Дом аудио Каким образом новые возможности машинного обучения позволяют анализировать фондовые документы для финансовых данных?

Каким образом новые возможности машинного обучения позволяют анализировать фондовые документы для финансовых данных?

Anonim

Q:

Каким образом новые возможности машинного обучения позволяют анализировать фондовые документы для финансовых данных?

A:

Одним из захватывающих новых рубежей машинного обучения и искусственного интеллекта является то, что ученые и инженеры начинают различные способы использования совершенно новых типов ресурсов для прогнозирования движения запасов и инвестиционных результатов. Это огромный переломный момент в финансовом мире, и он произведет революцию в инвестиционных стратегиях очень глубоко.
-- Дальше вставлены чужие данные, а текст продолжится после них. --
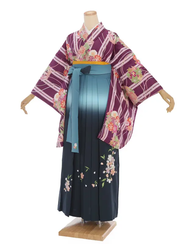 卒業袴レンタルh258 パープル 古典柄 x ブルーぼかし袴

Одной из основных идей для расширения этого типа фондовых исследований является компьютерная лингвистика, которая включает в себя моделирование естественного языка. Эксперты изучают, как использовать текстовые документы, от заявок SEC до писем акционерам другим периферийным текстовым ресурсам, чтобы расширить или усовершенствовать анализ запасов или разработать совершенно новый анализ.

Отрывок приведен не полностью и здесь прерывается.